Specify structure sync
This page documents the Sync Specify structure Prefect flow (flows/sync_specify_structure.py, sync_specify_structure_flow). The flow creates the division / discipline / collection hierarchy in Specify after the initial bootstrap. It is idempotent: rows that already exist are skipped, so the flow can be re-run safely at any time.
Background
Specify requires a fixed three-level organisational hierarchy beneath the Institution row before any collection data can be entered:
Institution
└── Division
└── Discipline (has own Taxon and Geography tree defs)
└── Collection
The hierarchy is described in a YAML config file and reconciled against the live database using Specify’s setup_tool API layer (same functions used during interactive setup). The YAML lives at config/specify_structure/unimus_natur.yaml.
Flow
- Module:
flows/sync_specify_structure.py - Prefect name:
Sync Specify structure - Deployment:
sync-specify-structure-dev - Default
config_path:config/specify_structure/unimus_natur.yaml - Default
dry_run:true
Parameters
| Parameter | Default | Meaning |
|---|---|---|
config_path | config/specify_structure/unimus_natur.yaml | Path to the structure YAML file, resolved at flow start. |
dry_run | true | When true, logs what would be created without writing any rows. |
What it does
- Loads the YAML from
config_pathinto aStructureConfigdataclass (flows/lib/specify_structure/config.py). - Bootstraps Django via
setup_django()so thatspecifywebmodels are importable. - Calls
reconcile_structure()(flows/lib/specify_structure/reconcile.py), which iterates the YAML tree:- Looks up the
Institutionby name (case-insensitive). - For each division: skips if a division with the same name already exists under that institution; otherwise calls
setup_api.create_division(). - For each discipline: disciplines are matched globally by name (Specify constraint).
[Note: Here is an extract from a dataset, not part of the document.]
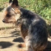 Very small toy yorkie about 7lbs. Teeth not in good shape. He is a very old dog and needs his medicine.
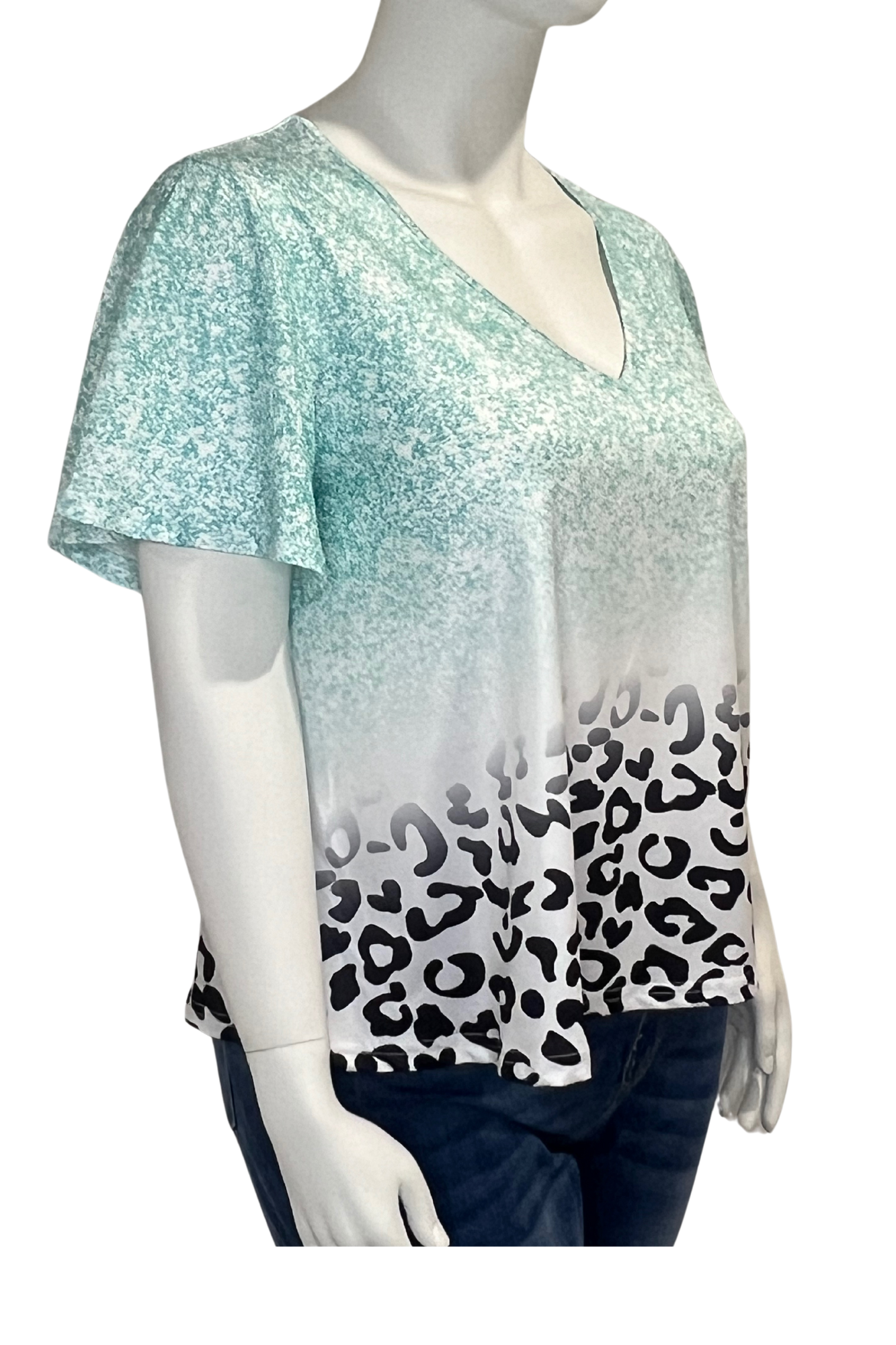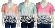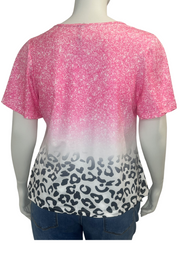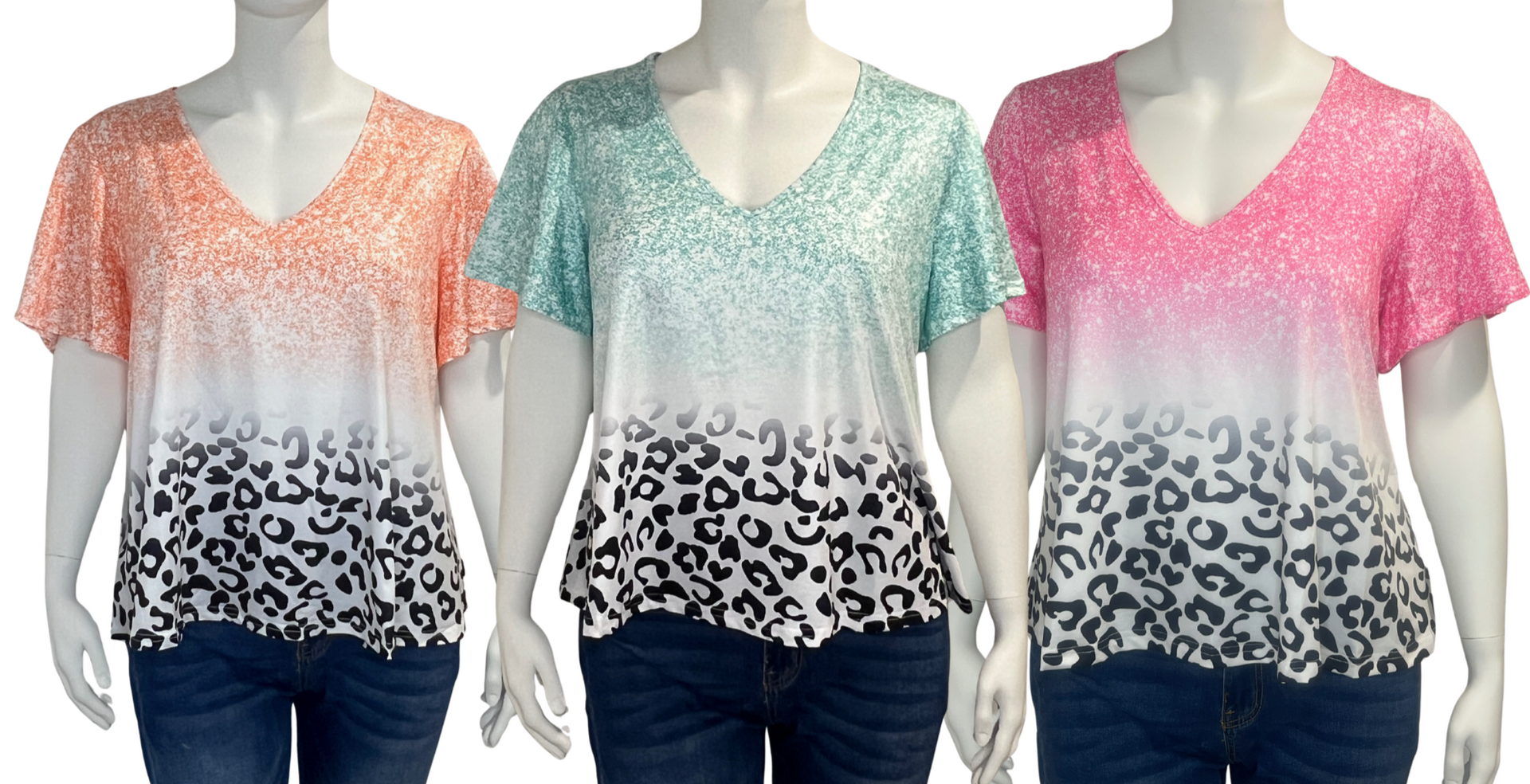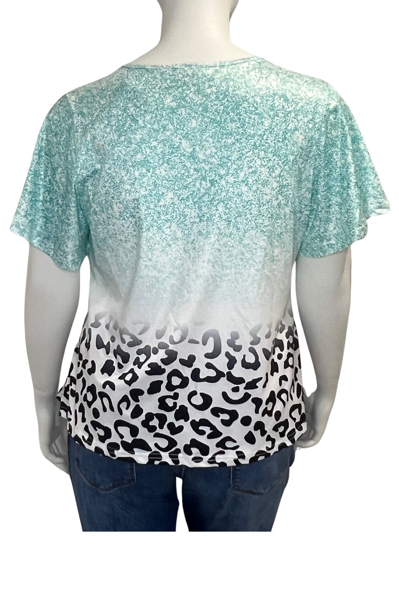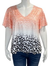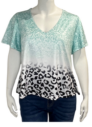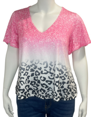 Effortlessly elevate your casual wardrobe with our Plus Size Casual Top, featuring a stunning Ombre, Leopard, Floral & Glitter Print design. This top offers a flattering V-neck and slight stretch for ultimate comfort and style. Perfect for any occasion, the short sleeves add a touch of feminine charm.

If missing, calls
create_discipline_and_trees_task(), which also creates the Geography and Taxon tree definitions. - For each collection: matched by
(discipline_id, code). If missing, callssetup_api.create_collection()withrun_fix_schema_config_async=False(synchronous schema config update, no Celery dependency).
- Looks up the
- Uploads a JSON report to S3 under
specify-structure-sync/(whenS3_BUCKETis set).
Idempotency details
- Divisions are matched by name (case-insensitive) under the institution.
- Disciplines are matched globally by name — Specify does not allow two disciplines with the same name regardless of division.
- Collections are matched by
(discipline_id, code). The same collection code can exist in multiple disciplines. - All matching is done before any write; skipped rows increment
*_skippedcounters in the report.
YAML config (config/specify_structure/unimus_natur.yaml)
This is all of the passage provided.